• [Exercise description]:
Copy every entry verbatim and skip the pictures.

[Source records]
-----
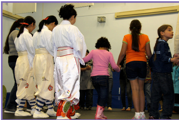
Japanese dancers join community members for Round Dance
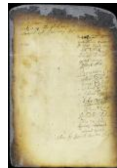
Pledge signed by the magistrates and part of the inhabitants of Rustdorp to denounce Quakers and their meetings (NYSA_A1809-
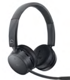
Dell Pro Wireless Headset - WL5022

Elevate your video conferencing experience with this high quality 4K webcam that optimizes your visuals with a large 4K Sony STARVIS™ CMOS sensor and AI Auto-Framing.
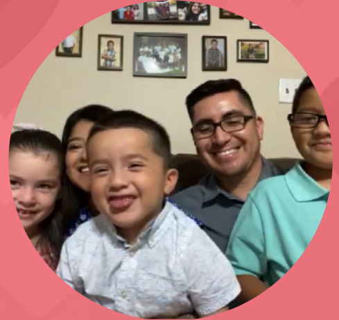
The Gutierrez Family
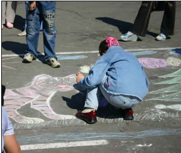
The children are drawing tigers on asphalt

appeal to save Amur tiger population from extinction. Standing next to the tiger posters the children- volunteers told people about tiger biology. A lady in tiger costume treated all participants to special “tiger food”. The winners of the contests were awarded with memorable prizes.
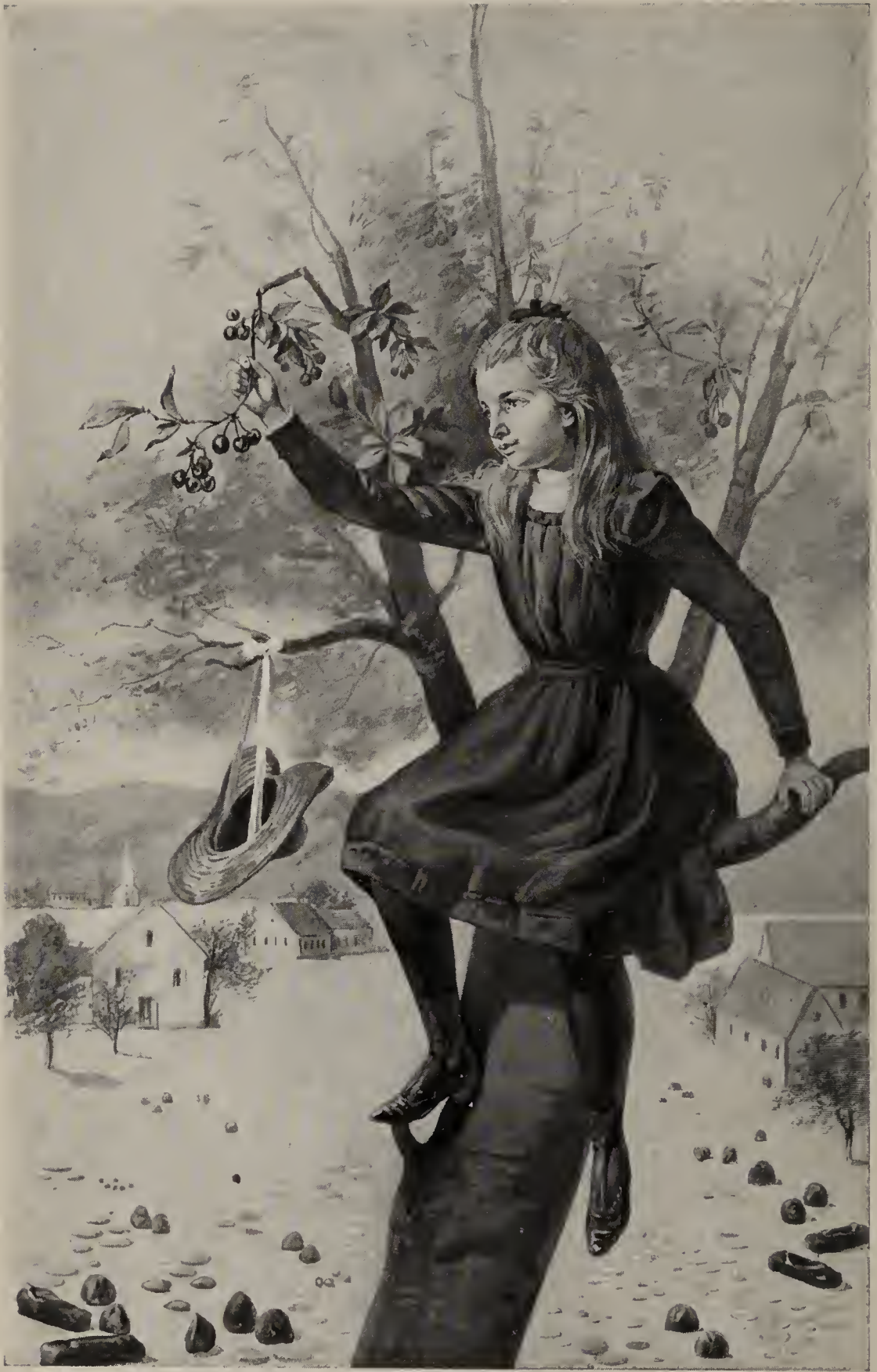
“Lily rocked and ate till she finished the top of the little tree” Frontispiece.
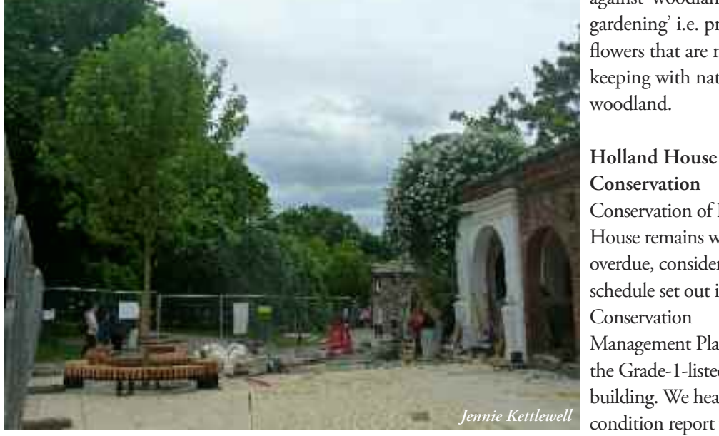
The Café Yard with its new tree
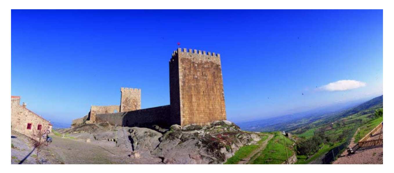
Fig.3 The geodiversity and the History reveal the sublime and mysterious. Fraga da Pena: "Castro" (village fortified) from the Bronze age. Castle Koppie, Inselberg with orthogonal diaclases. Tor, granitic Tower, with the blocks in situ. Situated in the Serra da Estrela (Star Mountain), in Queiriz, Fornos de Algodres.(PM)

The monumental concept on the landscape, he signifies the recognition of the transformation of the landscape for his
-----
• [Output of the task]:
Japanese dancers join community members for Round Dance
Pledge signed by the magistrates and part of the inhabitants of Rustdorp to denounce Quakers and their meetings (NYSA_A1809-
Dell Pro Wireless Headset - WL5022

Elevate your video conferencing experience with this high quality 4K webcam that optimizes your visuals with a large 4K Sony STARVIS™ CMOS sensor and AI Auto-Framing.
The Gutierrez Family
The children are drawing tigers on asphalt

appeal to save Amur tiger population from extinction. Standing next to the tiger posters the children- volunteers told people about tiger biology. A lady in tiger costume treated all participants to special “tiger food”. The winners of the contests were awarded with memorable prizes.
“Lily rocked and ate till she finished the top of the little tree” Frontispiece.
The Café Yard with its new tree
Fig.3 The geodiversity and the History reveal the sublime and mysterious. Fraga da Pena: "Castro" (village fortified) from the Bronze age. Castle Koppie, Inselberg with orthogonal diaclases. Tor, granitic Tower, with the blocks in situ. Situated in the Serra da Estrela (Star Mountain), in Queiriz, Fornos de Algodres.(PM)

The monumental concept on the landscape, he signifies the recognition of the transformation of the landscape for his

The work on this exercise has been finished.